Required Reading is DoomRocket’s love chest, opened twice monthly to champion a book that we adore. This week Arpad recommends ‘Abbott Vol. 1’ TPB, available now from BOOM! Studios.
by Arpad Okay. Sometimes you get a story that goes beyond being told and the reader shares the hero’s space. Some stories are writ with so much love for the setting that the book becomes a home for the author and a home for the reader, too. Abbott is both. Abbott is more.
Mutilated people of color are coming back as beasts of legend. The bullpen doesn’t want to hear it. The cops can’t be bothered. One reporter, a black woman, an outside voice who has forced her way into the limelight with the quality of her work and her passion for the truth, stands between Detroit and Hades. This is Detroit versus evil, and the champion of good is Elena Abbott.

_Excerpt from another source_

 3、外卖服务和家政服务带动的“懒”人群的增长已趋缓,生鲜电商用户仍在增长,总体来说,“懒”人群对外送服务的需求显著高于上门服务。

Saladin Ahmed is writing a supernatural story, but in a way that hooks us up to Elena Abbott with depth that defies the fantasy in the setting. Abbott is a journalist, sharp, multifaceted, uncompromising in her work, rigorous in her routines. As she gathers information on a string of grisly murders, the reader sees the angles in real time with the reporter. This unbelievable story unfolding feels natural as we are there with her.

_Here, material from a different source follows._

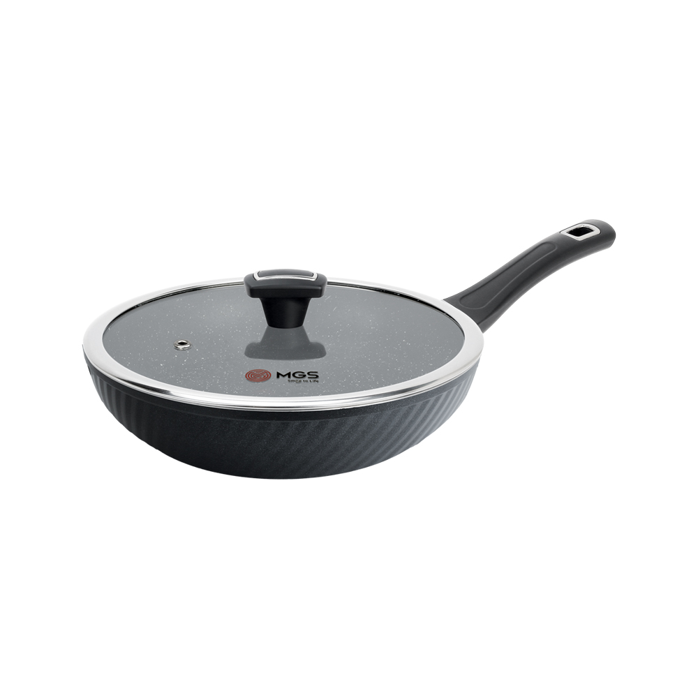 تابه تک طرح فورج سایز 24 روکشی از جنس گرانیت نچسب دارد که به آشپزی آسان و بیدردسر کمک میکند. درب این محصول از جنس پیرکس است.

We are her, experiencing her world. Rooting out the truth. Walking her beat. To get to the heart of the mystery, we’ll catch meals and drinks in Abbott’s favorite dives, meet up with the people in her life– friends, informants, sometimes both. Time passes in Abbott told in chain-smoked cigarettes.

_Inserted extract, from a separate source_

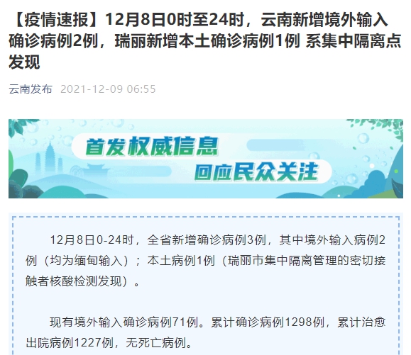 12月8日0-24时,全省新增确诊病例3例,其中境外输入病例2例(均为缅甸输入);本土病例1例(瑞丽市集中隔离管理的密切接触者核酸检测发现)。

Sami Kivelä matches Ahmed’s lively script with clear and vivid artwork. Though there is texture here and there, the bulk of the linework is high relief solid black, open spaces with well defined contours and details added as needed. A vague hat tip to the Bronze Age style that was rising when Abbott was set. If you like John Romita’s Spider-Man, vibe on this.
Ahmed and Kivelä capture the living look of the era, its places and things. Neighborhoods and their residents. Typewriters, cameras, fashion, and cars. Blue Note and Tamla. Hippies. A world shown through urban clutter, from dynamic angles, close in on faces. Black beauty is realized with accuracy and adoration. And then there’s monsters. Abbott has chimeric, ancient abominations that exude living smoke– but maintain touch with their humanity.
Jason Wordie is the left hand bass to Kivelä’s right hand melodies. Wordie resists the retro impulse to go with flat colors and industrial textures, instead making an array of nuanced choices. Painterly washes and gradients, a counterpoint to the stark line art, and yet it achieves the essence of the printing process and paper stock of the time. The two artists weave vivid magic that covers the full 88.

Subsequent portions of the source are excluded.